-- WHAT YOU WILL DO --
For the data that follows, print the line with "Each earring designed", the line with "將篩選選項(xiàng)內(nèi)置在", and all lines between them, exactly as they stand. Omit pictures and add nothing.

━━━ ENTRIES PROVIDED

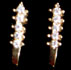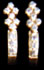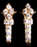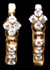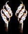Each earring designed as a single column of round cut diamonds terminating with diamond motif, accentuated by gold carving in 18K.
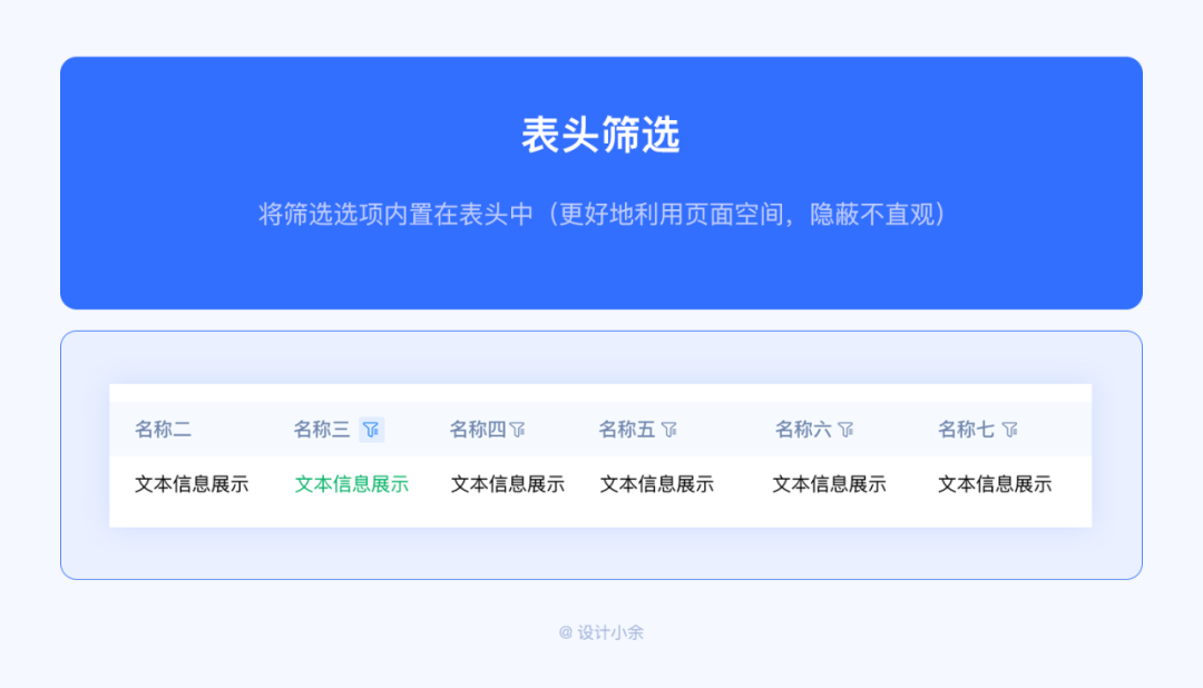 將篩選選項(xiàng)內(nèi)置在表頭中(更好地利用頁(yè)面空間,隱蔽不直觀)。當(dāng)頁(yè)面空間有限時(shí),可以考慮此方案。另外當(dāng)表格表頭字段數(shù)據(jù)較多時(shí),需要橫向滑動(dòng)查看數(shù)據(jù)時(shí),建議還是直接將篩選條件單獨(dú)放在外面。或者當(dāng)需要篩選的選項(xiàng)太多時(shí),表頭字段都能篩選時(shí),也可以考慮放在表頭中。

━━━━━━
━━━ ENTRIES PROVIDED

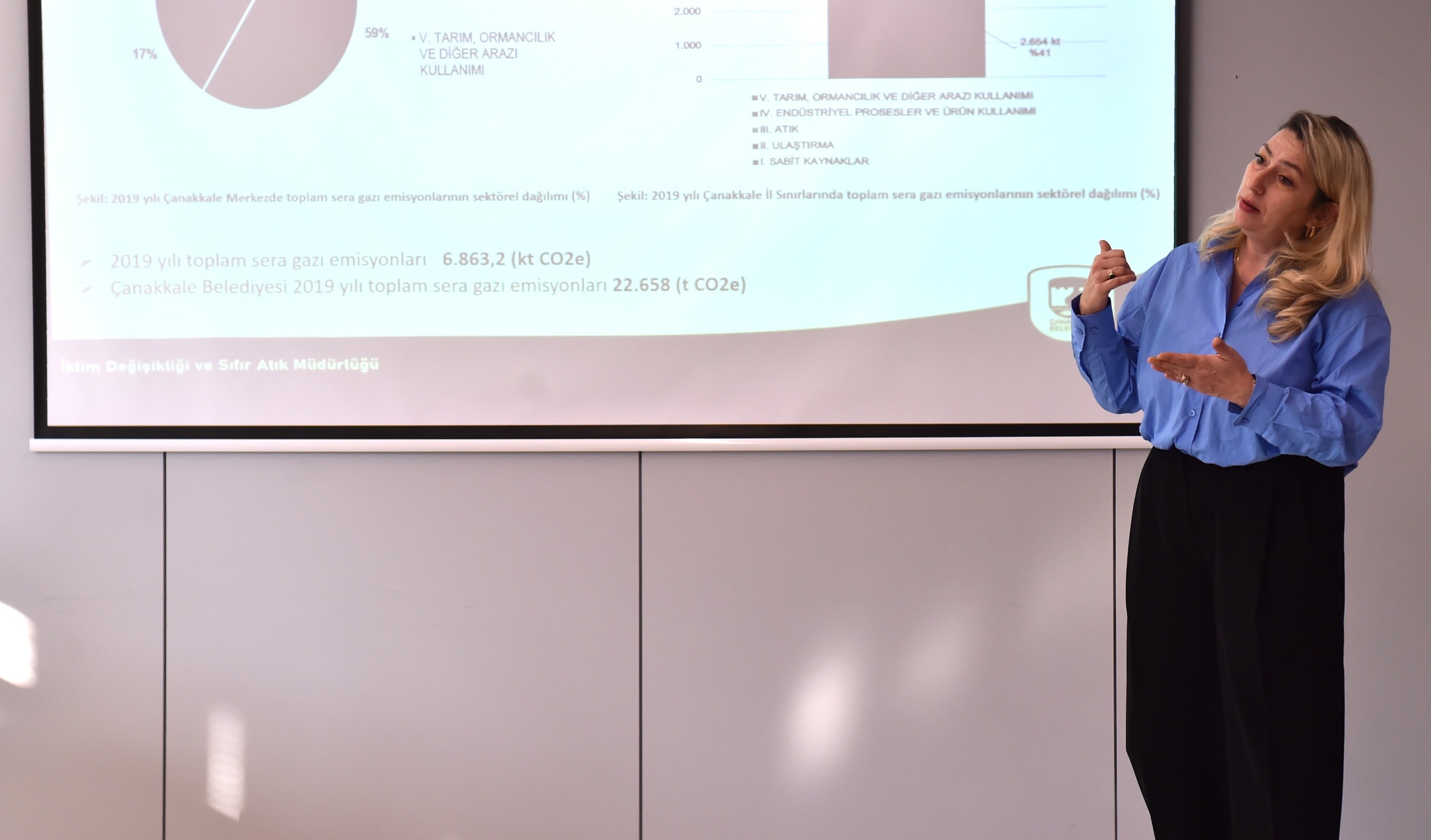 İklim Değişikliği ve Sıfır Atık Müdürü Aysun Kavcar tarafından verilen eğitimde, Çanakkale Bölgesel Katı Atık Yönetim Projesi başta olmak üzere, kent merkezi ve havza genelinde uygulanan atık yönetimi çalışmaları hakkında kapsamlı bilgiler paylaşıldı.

━━━━━━
━━━ ENTRIES PROVIDED

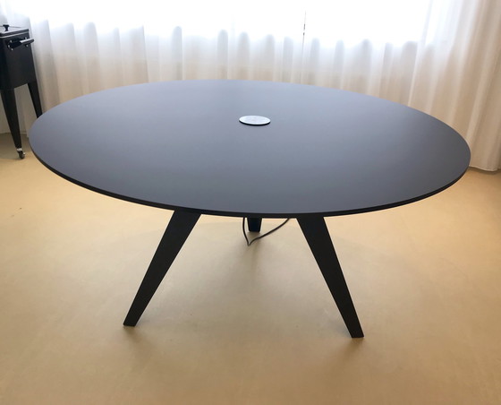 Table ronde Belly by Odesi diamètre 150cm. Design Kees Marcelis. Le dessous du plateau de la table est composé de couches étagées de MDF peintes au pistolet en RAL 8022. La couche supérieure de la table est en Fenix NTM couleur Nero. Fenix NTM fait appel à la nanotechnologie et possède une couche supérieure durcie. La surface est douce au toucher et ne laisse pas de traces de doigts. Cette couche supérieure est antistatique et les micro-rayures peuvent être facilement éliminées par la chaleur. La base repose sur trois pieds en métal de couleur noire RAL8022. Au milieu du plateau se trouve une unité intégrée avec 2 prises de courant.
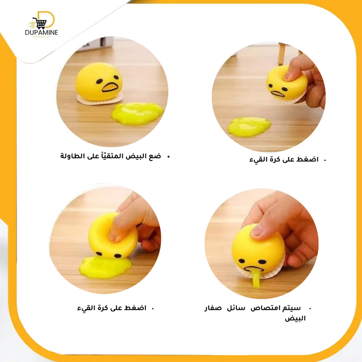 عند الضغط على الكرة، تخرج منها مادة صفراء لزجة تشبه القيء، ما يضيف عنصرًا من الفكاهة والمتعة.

━━━━━━

-- ANSWER TO THIS EXERCISE --
Each earring designed as a single column of round cut diamonds terminating with diamond motif, accentuated by gold carving in 18K.
 將篩選選項(xiàng)內(nèi)置在表頭中(更好地利用頁(yè)面空間,隱蔽不直觀)。當(dāng)頁(yè)面空間有限時(shí),可以考慮此方案。另外當(dāng)表格表頭字段數(shù)據(jù)較多時(shí),需要橫向滑動(dòng)查看數(shù)據(jù)時(shí),建議還是直接將篩選條件單獨(dú)放在外面。或者當(dāng)需要篩選的選項(xiàng)太多時(shí),表頭字段都能篩選時(shí),也可以考慮放在表頭中。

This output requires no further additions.